|
曝光台 注意防骗 网曝天猫店富美金盛家居专营店坑蒙拐骗欺诈消费者
7. Roll-Lateral Experiment
Background
In flight simulation, the roll and lateral translational degrees of freedom are treated together for several reasons. First, owing to the motion platform geometry, a certain amount of lateral translational motion must accompany a rolling motion to locate the center of rotation properly. Second, for coordinated maneuvers, in which the body-axis lateral aero-propulsive forces are zero, lateral translational platform motion provides an acceleration to counteract the “leans” that would result from only rolling the cockpit.
Figure 69 shows a coordinated and an extremely uncoordinated case (roll only) with a pendulum hanging from the top of a rolling flight simulator cockpit. In both cases, altitude remains constant.
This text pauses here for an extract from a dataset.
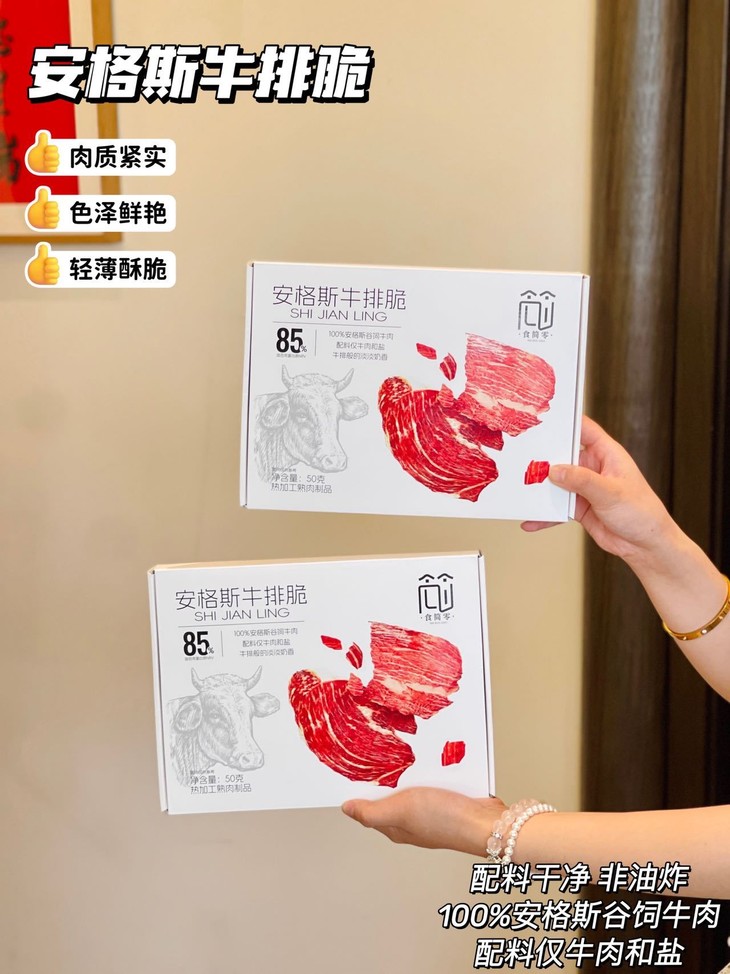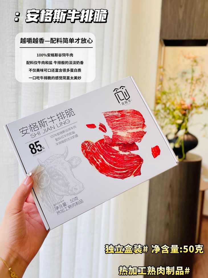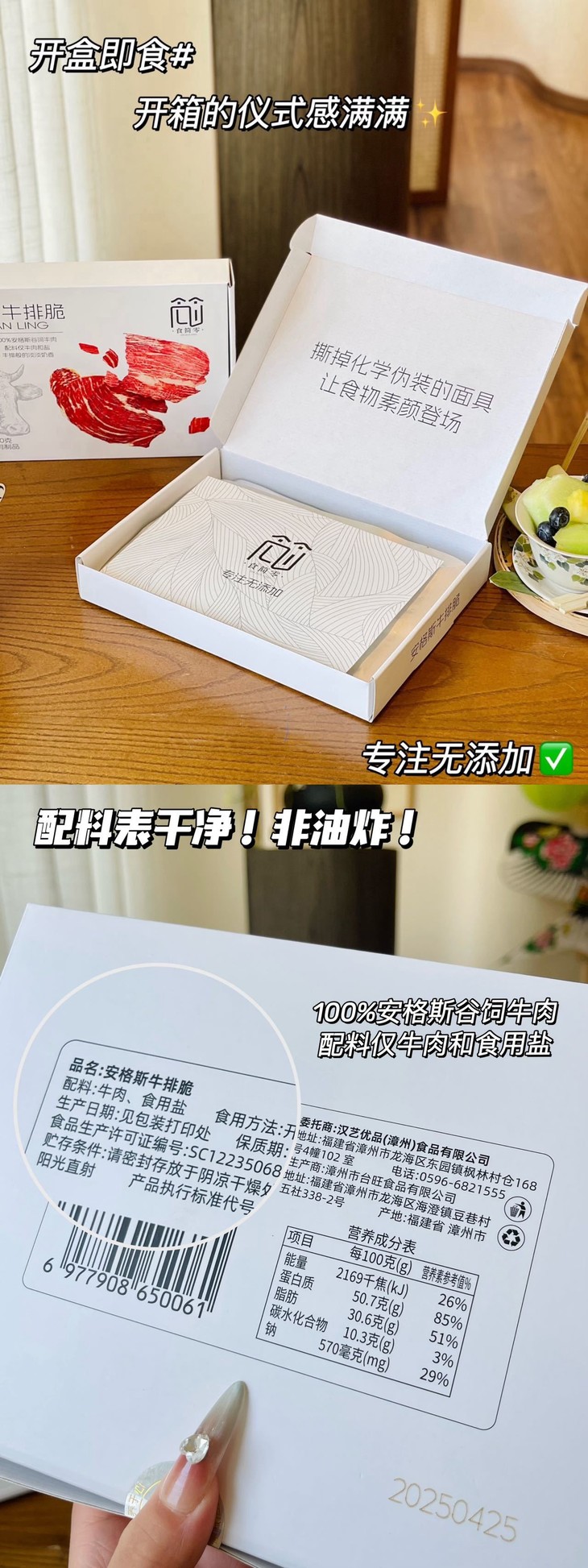 🥩 肉食界“成分党”,配料表短到离谱! 真·牛排刺客|配料表只有安格斯牛排+盐!撕开包装=闻到煎牛排的焦香,酥脆到掉渣! 蛋白质“核弹级”|4斤牛排浓缩成1斤脆片,1片≈14瓶牛奶蛋白,吃肉补蛋白直接封神! 工艺卷死同行|高温锁鲜非油炸,薄到透光脆到“咔嚓”,像薯片一样上瘾但健康100倍! 喂娃级纯净配方|0防腐剂、0香精色素、0蔗糖,恐龙家长闭眼囤,啃肉不脏手!

In the coordinated case, the platform moves laterally with an acceleration of g*tanφ plat; however, the body-axis lateral component of the aero-propulsive force is zero which keeps ay = 0. Sustaining the platform acceleration to maintain this coordination consumes available lateral displacement quickly.
Coordinated Uncoordinated
φ plat
φ plat
Lift
Yplat = gtanφ plat Yplat = 0
a = 0
y
g = –gsinφ platCockpit
Figure 69. Coordinated vs. uncoordinated flight.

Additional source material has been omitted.